The response from the American media was puzzlement. They didn’t know what organization was connected to it, other than a web URL for ForTheNextGeneration.com. The website itself was mocked for its stark, outdated design and jumble of unfocused over-the-top nationalistic messages. Nationalism doesn’t appeal to people not from that nation. Humorist David Sedaris said, “Most countries have national slogans of their own, none of which are, ‘We are No. 2.’”

The truth about Seo Kyung-duk and other brand “experts” is they are not advertising to foreigners. They are advertising to Koreans. Whenever there is a large ad in The New York Times or a billboard in Times Square, it is all over the Korean media but quickly forgotten overseas.
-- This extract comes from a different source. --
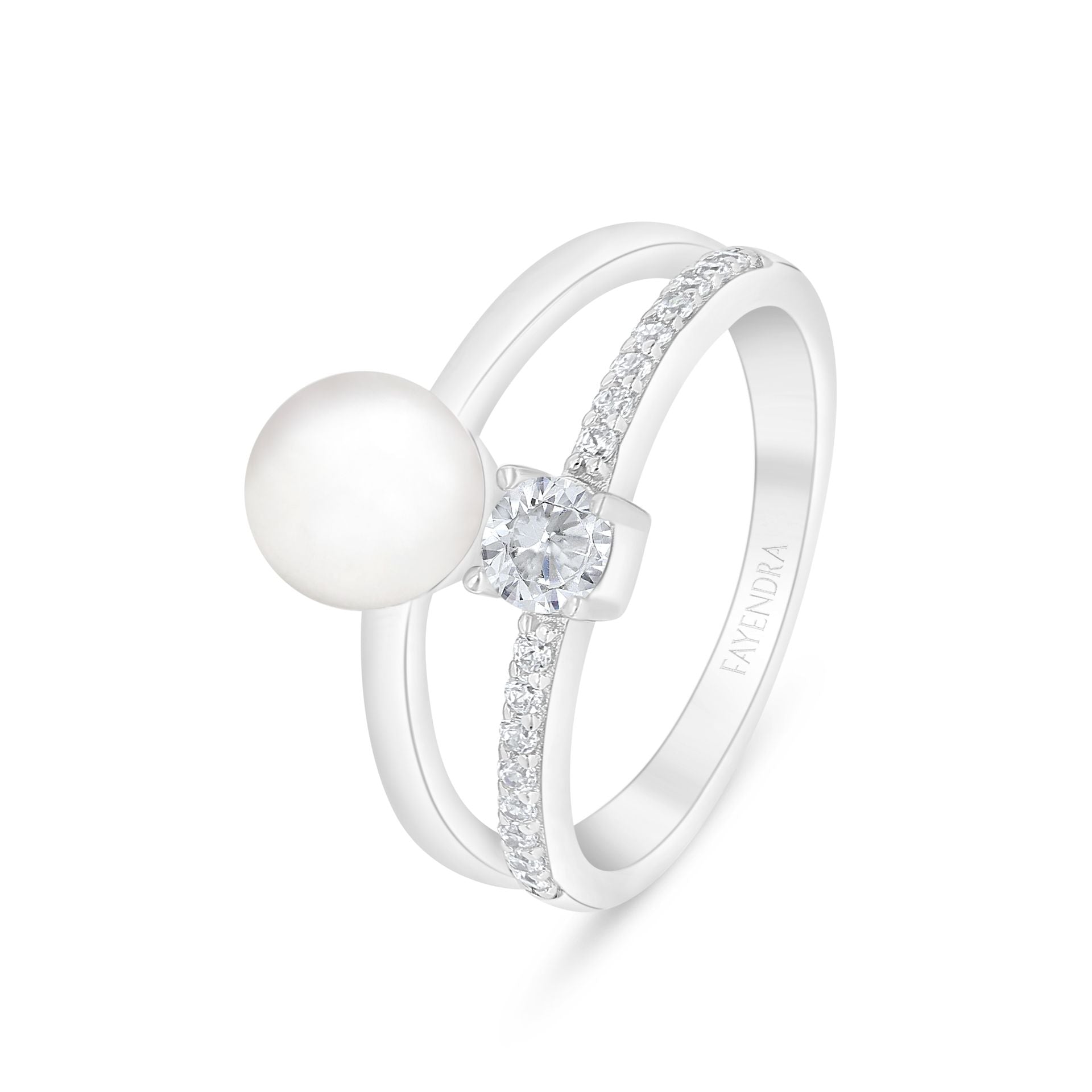 خاتم من الفضة الخالصة عيار 925 مطلي روديوم مرصع لولو ابيض طبيعي و فص ابيض

It doesn’t take a PR expert to put an ad in The New York Times. Any idiot with a lot of money can do that.

A true PR manager would ask the essential question: What return do we get from this huge investment? Is that the most efficient way to spend our funds? Loud, obnoxious ads in The New York Times aren’t effective, they’re annoying. The New York Times isn’t the only paper Americans read. Times Square is only visited by tourists, and they’re not paying attention to the ads. For the money these people are shelling out, they are reaching an embarrassingly limited audience.
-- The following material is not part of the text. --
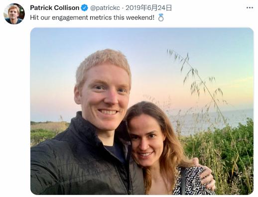 克里森公布了一张自己与科纳曼的合照,宣布订婚|Patrick Collison/twitter更灵活地给科学家打钱

“Embarrassment” is the word, because these ads are having a negative effect. A true PR expert does not waste money on awkward ads in The New York Times. He works to get articles in The New York Times, popular blogs, TV shows, local newspapers while spending as little money as possible. Are these branding experts like Seo interested in promoting Korea or promoting their own status?

*The author is the founder and president of the Korean food site ZenKimchi.